5.2 Add-On Coverage: Apart from the mandatory basic cover, the State Governments/UTs, in consultation with the State Level Coordination Committee on Crop Insurance (SLCCCI) may choose any or all of the following add-on covers based on the need of the specific crop/area in their State to cover the following stages of the crop and risks leading to crop loss. 5  

5.2.1 Prevented Sowing/Planting/Germination Risk: Insured area is prevented from sowing/planting/germination due to deficit rainfall or adverse seasonal/climatic conditions. 5.2.2 Mid-Season Adversity: Loss in case of adverse seasonal conditions during the crop season viz. floods, prolonged dry spells and severe drought etc., wherein expected yield during the season is likely to be less than 50% of the normal yield. This add-on coverage facilitates the provision for immediate relief to insured farmers in case of occurrence of such risks.

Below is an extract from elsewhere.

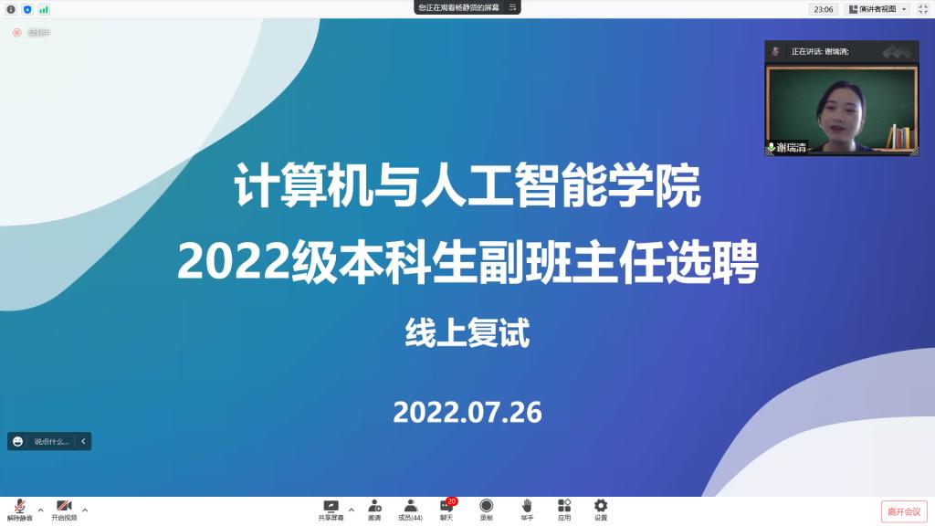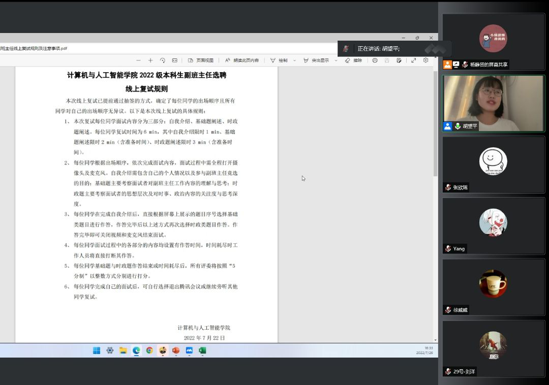 为了协助买足球 更好地开展2022级新生的教育管理工作,引领新生更快更好地适应大学生活,7月26日晚,2022级副班主任复试以线上的方式有条不紊地展开。2022级本科生辅导员廖龙、2021级辅导员谢瑞清、院学生会主席团成员梁鸣岩以及2021级副班主任杨静贤共同担任评委,线上复试由院学生会主席团成员胡望平主持。

5.2.3 Post-Harvest Losses: Coverage is available only up to a maximum period of two weeks from harvesting, for those crops which are required to be dried in cut and spread / small bundled condition depending on requirement of the crops in that area, in the field after harvesting against specific perils of hailstorm, cyclone, cyclonic rains and unseasonal rains. 5.2.4 Localized Calamities: Loss/damage to notified insured crops resulting from occurrence of identified localized risks of hailstorm, landslide, inundation, cloud burst and natural fire due to lightening affecting isolated farms in the notified area.

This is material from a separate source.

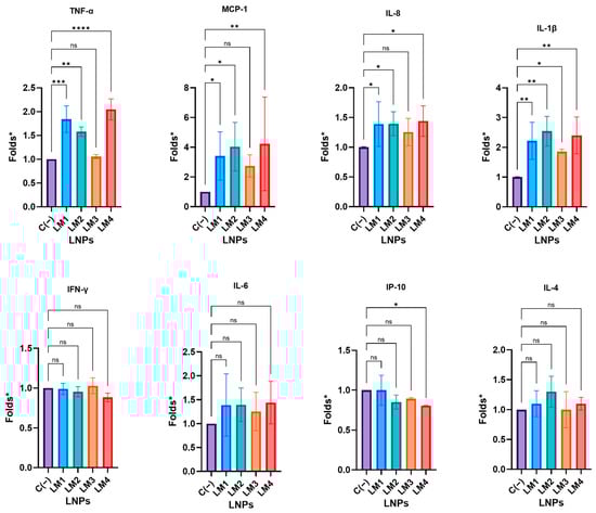 3.4. mRNA Transfection and Cytokine Secretion by PBMCs Treated with LNPs

5.2.5 Add-on coverage for crop loss due to attack by wild animals: The States may consider providing add-on coverage for crop loss due to the attack by wild animals wherever the risk is perceived to be substantial and is identifiable. The detailed protocol and procedure for evaluation of the bids has been prepared by the GoI in consultation with the Ministry of Environment, Forest & Climate Change (MOEF&CC) and General Insurance Corporation of India (GIC Re). The add-on coverage will be optional for the farmers and applicable notional premium will be borne by the farmer, however the State Governments may consider providing additional subsidy on this coverage, wherever notified. The actuarial premium rates for add-on coverage should be sought in the bid itself from the IC, however the add-on actuarial premium rate will be considered separately and shall not form part of evaluation of L1.

5.3 States have to notify crop-wise specific period/duration for coverage of aforesaid add-on risks in their notification and the same will also be uploaded on NCIP.

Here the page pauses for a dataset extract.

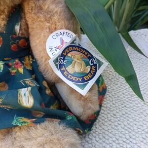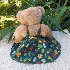 Vintage Vermont Teddy Bear Co. Brown Fuzzy Fur Bear. She is wearing a dark green jumper dress with a Festive Fall Harvest print, removable to clean or change her outfit. Her arms and legs are jointed and rotate 360 degrees. Tag Reads: 1994. A Collectors Piece! And a perfect sweet addition to your Teddy Bear Collection. Excellent Condition.The hang tag is a bit rumpled. Non-Smoking Home. * This pretty girl will ship well protected, safe from the elements in a plastic bag, in a USPS Priority Mail Box, Insured.

5.4 General Exclusions: Losses arising out of war and nuclear risks, malicious damage and other preventable risks shall be excluded.

5.5 Loss/damage for localised calamities and post-harvest losses will be assessed at the level of the individual insured farm and hence lodging of loss intimation by the farmer/designated agencies is essential. For remaining risks, losses are due to widespread calamities, hence lodging of intimation for claims by insured farmers / designated agencies for such wide-spread calamities is not essential. Claims will be calculated based on the loss assessment report submitted by the District Level Joint Committee (DLJC) and/or average yield submitted by concerned State Government.